You can only approach non-deterministic processes with statistics. And first requirement of doing any meaningful statistics is a significant sample size. The corollary of this is that automated tests are a must when you suspect a non-deterministic bug. Checking if running a test 100 times resulted in any failures should require no more than checking a single line of terminal output. If your debugging strategy includes manually checking if a particular printf line got hit out of hundreds lines of other debugging output, you won't be able to consistently tell whether the bug happened or not after half a day of debugging, much less run a hundred repetitions and have any kind of confidence in the result.


Say you've seen a bug manifest itself in 1 run of a test out of 10. You then look at the code, find a possible problem and implement a fix. How many repetitions of the test must you run to be reasonably sure that you have actually fixed the bug and you weren't just lucky the second run around?

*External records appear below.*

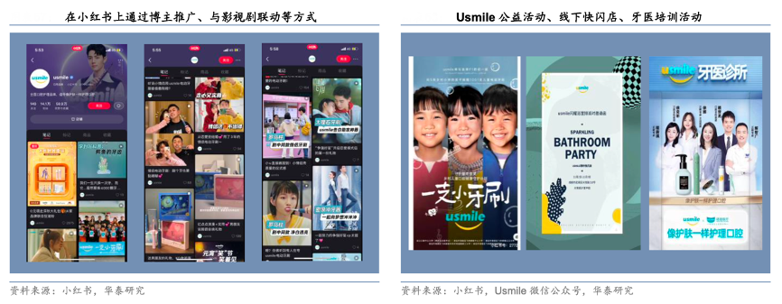 經典案例:根據小紅書、Usmile微信公眾號、華泰研究等綜合資訊表明,2017 年,Usmile 看中了正處于上升期的小紅書,彼時其 Y1 系列新品剛上市,Y1 延續 U1 的馬卡龍配色,外觀更加清新少女,在以女性為主要用戶群的小紅書,Y1 系列迅速走紅,至今銷量突破 405 萬,目前仍然是 Usmile 最受歡迎的產品。同時截至2021年5月,Usmile 品牌入駐超 5000 家線下門店,開始著重布局口腔機構這類專業渠道,積極開拓特渠渠道(已與 18 家主流銀行達成合作,產品進入銀行商城)。
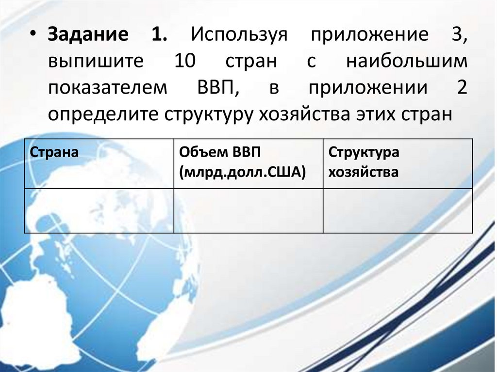 • Задание 1. Используя приложение 3,выпишите 10 стран с наибольшим
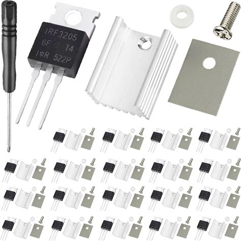 DAOKAI IRF3205 3205 Mosfet Transistor 55V 110A N-Channel Power MOSFETS Transistor TO-220 With Aluminum Heatsink Screwdriver Mounting Kits,For DIY(20
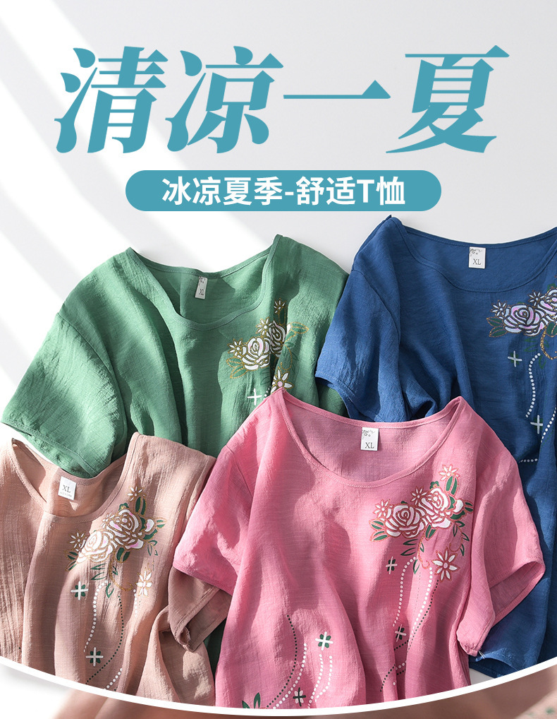 Костюм для летней одежды для матери, свободная летняя одежда для пожилых женщин с короткими рукавами и принтом, комплект из двух предметов из хлопка и льна
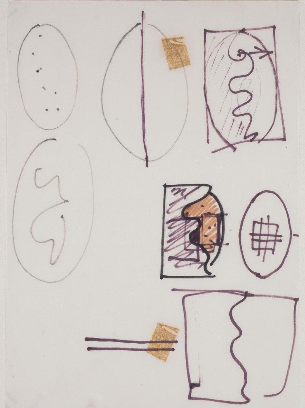 Lucio Fontana (Rosario de Santa Fè 1899 - Comabbio 1968) STUDI PER SCULTURE pennarelli su carta, cm 28x22 eseguito nel 1965 L'opera è accompagnata da certificato di autenticità a firma di Teresita Fontana. Opera registrata presso la Fondazione Lucio Fontana con il numero 1767/2

In the first approximation, we can assume the probability Pfail of the bug manifesting itself is:

P_{fail} = \frac{1}{n} = \frac{1}{10}

The question whether your tests passed due to sheer luck then translates to the probability of seeing zero occurrences of an event with probability Pfail after m repetitions. The number of occurrences has a binomial distribution. Given the desired probability Ptest of our the test giving the correct result, the required number of repetitions m is:

m = \frac{\log{(1 - P_{test})}}{\log{(1 - P_{fail})}} = \frac{\log{(1-P_{test})}}{\log{(1 - \frac{1}{n})}}

It turns out the ratio between m and n is more or less constant for practical values of n (e.g. >10):

Ratio between number of test runs in discovery and number of required verification test runs.

\frac{m}{n} \approx -\log{(1 - P_{test})}

For instance, if you want to be 99% sure that your fix actually worked and that the test did not pass purely by chance, you need to run around 4.6 times more repetitions than those you used initially when discovering the bug.

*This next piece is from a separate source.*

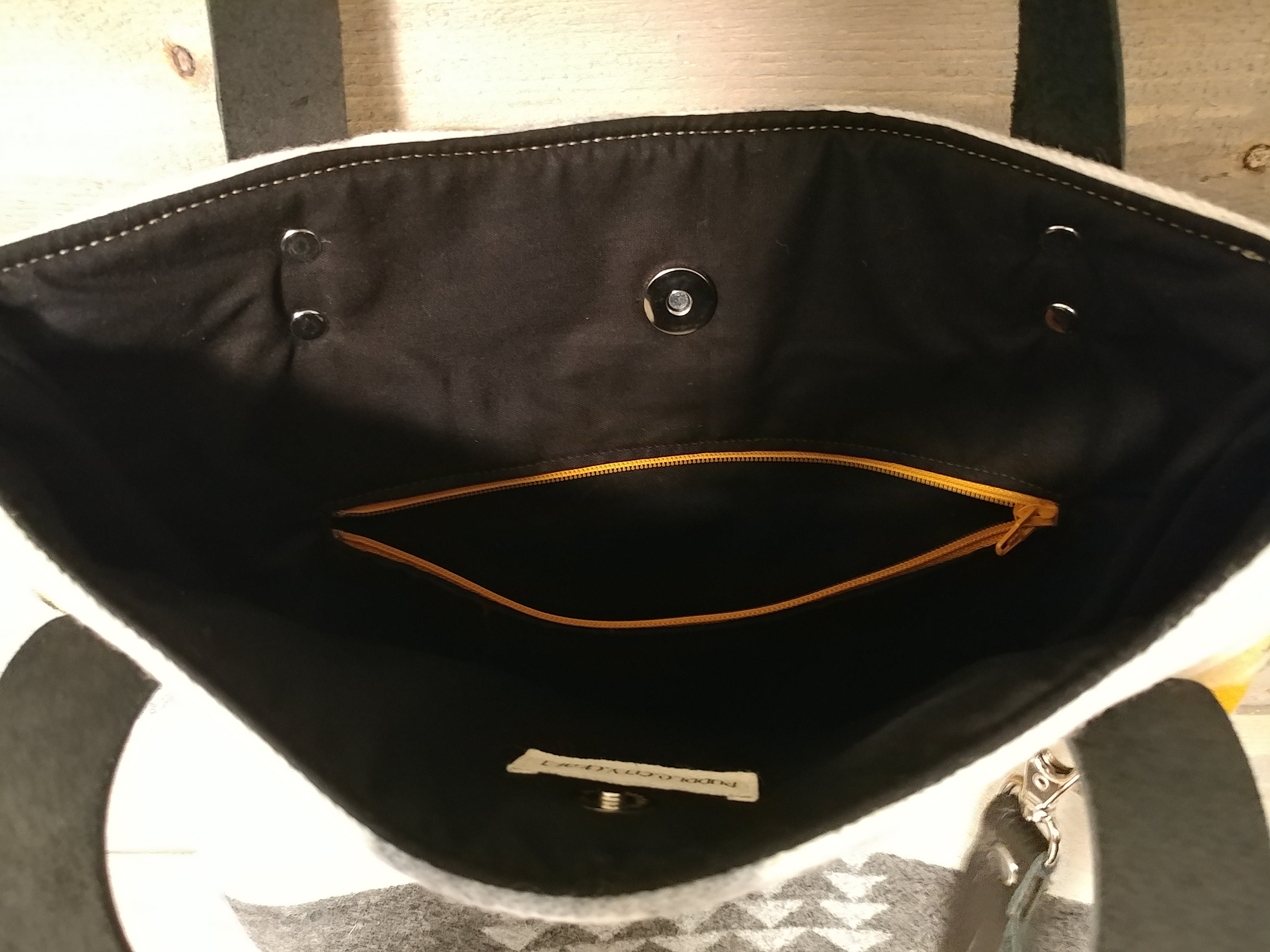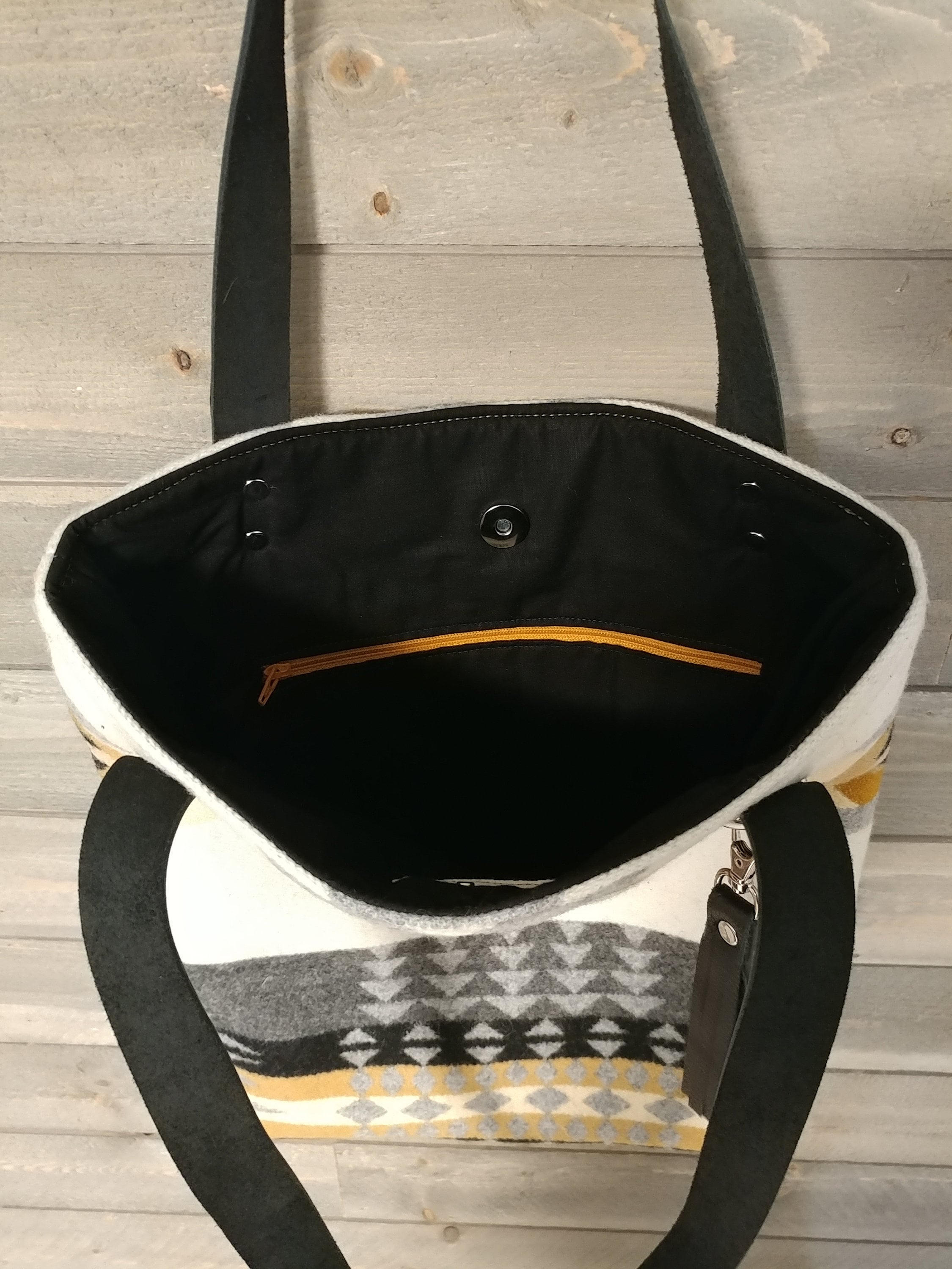 Pendleton print is a lovely gray/mustard mix. Black cotton lining with inside zip pocket and magnetic snap closure. Bag is nice and soft, easily collapsable/foldable to take traveling.

This is not the whole story though. If you've seen a bug once in 10 runs, Pfail=0.1 is only the most likely estimate for the probability of its occurrence. It might be actually higher or lower and you've only seen one failure by chance:

PDF for probability of failure when one failure was seen in 10 test runs.

If you want to also account for the uncertainty in Pfail, the derivation of m gets a bit complex. It involves using the beta distribution for the likelihood of the Pfail estimate, deriving Ptest from the law of total probability and then solving for m. The end result, however, is similarly straightforward and can be summarized in a simple table:

Ptest [%]m/n
90.02.5
99.010
99.930

Even this still assumes the bug basically behaves as a weighted coin, whose flips are independent of each other and whose probability doesn't change with time. This might or might not be a good model. It probably works well for problems in embedded systems where a bug is caused by small physical variations in signal timings. Problems with memory management or heisenbugs on the other hand can behave in a completely different way.

Assuming the analysis above works, a good rule of thumb therefore seems to be that if you discovered a bug using n repetitions of the test, checking whether it has been fixed or not should be done using at least 10·n repetitions. Of course, you can never be absolutely certain. Using factor of 10 only means that you will on average mark a bug fixed, when in fact it is not, once out of hundred debugging sessions. It's usually worth understanding why the change fixed the bug in addition to seeing the test suite pass.